[EXERCISE INPUTS — start]

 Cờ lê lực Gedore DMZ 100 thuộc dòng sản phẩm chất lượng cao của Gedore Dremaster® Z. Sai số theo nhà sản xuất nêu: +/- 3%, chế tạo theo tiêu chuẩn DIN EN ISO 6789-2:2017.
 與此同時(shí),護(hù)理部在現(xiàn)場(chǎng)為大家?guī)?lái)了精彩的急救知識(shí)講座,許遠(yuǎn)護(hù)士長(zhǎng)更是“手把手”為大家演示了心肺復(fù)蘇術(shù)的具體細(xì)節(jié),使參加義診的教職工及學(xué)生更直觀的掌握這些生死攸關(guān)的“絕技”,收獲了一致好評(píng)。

[EXERCISE INPUTS — finish]
[EXERCISE INPUTS — start]

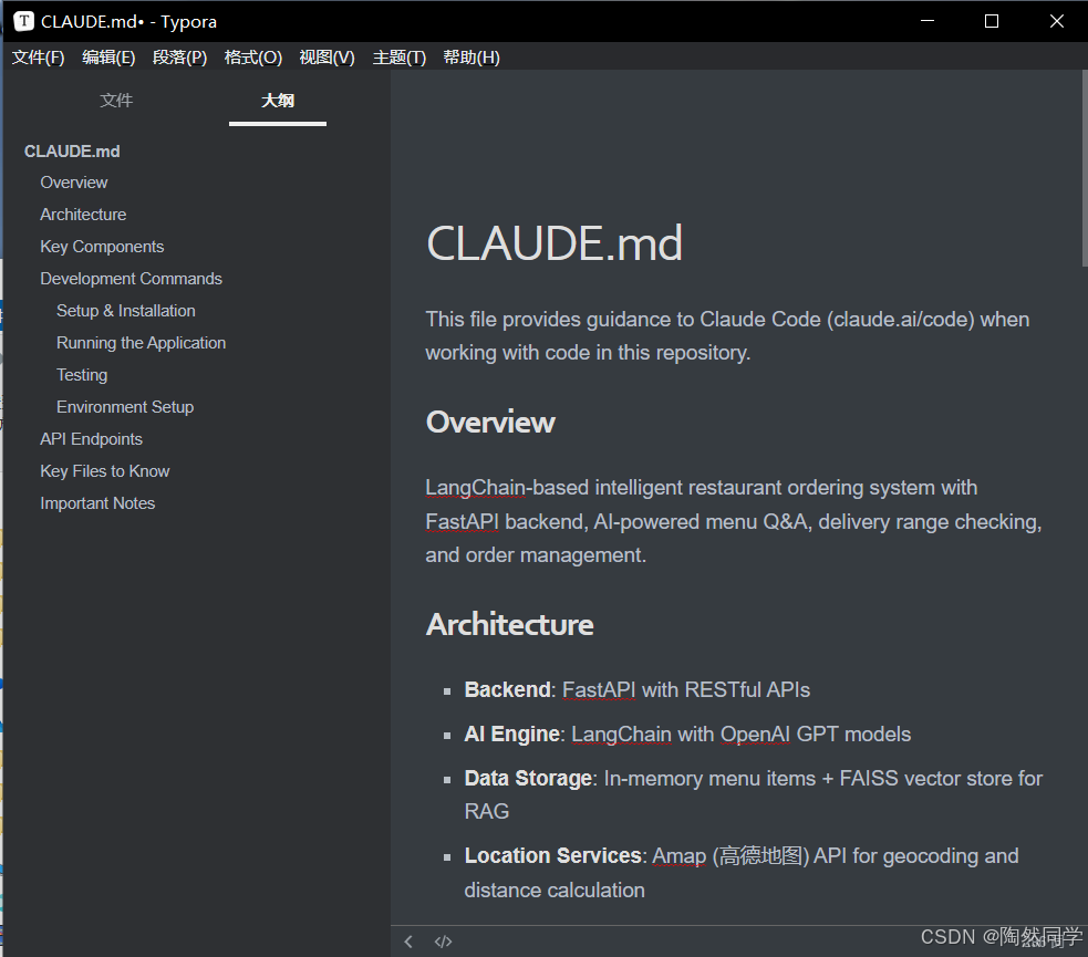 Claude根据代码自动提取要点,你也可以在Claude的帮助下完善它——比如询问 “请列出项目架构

[EXERCISE INPUTS — finish]
[EXERCISE INPUTS — start]

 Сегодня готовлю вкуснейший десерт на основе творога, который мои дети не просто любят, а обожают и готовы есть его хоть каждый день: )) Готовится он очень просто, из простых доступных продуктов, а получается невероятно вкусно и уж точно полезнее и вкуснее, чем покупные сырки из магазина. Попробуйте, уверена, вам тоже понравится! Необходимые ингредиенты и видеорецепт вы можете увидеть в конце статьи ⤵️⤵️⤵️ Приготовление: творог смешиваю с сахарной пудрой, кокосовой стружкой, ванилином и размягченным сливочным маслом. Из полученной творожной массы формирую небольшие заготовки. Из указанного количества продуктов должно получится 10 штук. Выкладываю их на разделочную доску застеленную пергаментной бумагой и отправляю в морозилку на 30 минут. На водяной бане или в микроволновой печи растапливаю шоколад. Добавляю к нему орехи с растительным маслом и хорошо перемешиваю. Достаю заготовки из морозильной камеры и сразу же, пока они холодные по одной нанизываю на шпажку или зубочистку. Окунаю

[EXERCISE INPUTS — finish]

> [TASK DIRECTIONS]:
Could you transcribe the entries above word for word, from the line with "Cờ lê lực Gedore" down to the line with "與此同時(shí),護(hù", keeping both?

> [RESPONSE BELOW]:
 Cờ lê lực Gedore DMZ 100 thuộc dòng sản phẩm chất lượng cao của Gedore Dremaster® Z. Sai số theo nhà sản xuất nêu: +/- 3%, chế tạo theo tiêu chuẩn DIN EN ISO 6789-2:2017.
 與此同時(shí),護(hù)理部在現(xiàn)場(chǎng)為大家?guī)?lái)了精彩的急救知識(shí)講座,許遠(yuǎn)護(hù)士長(zhǎng)更是“手把手”為大家演示了心肺復(fù)蘇術(shù)的具體細(xì)節(jié),使參加義診的教職工及學(xué)生更直觀的掌握這些生死攸關(guān)的“絕技”,收獲了一致好評(píng)。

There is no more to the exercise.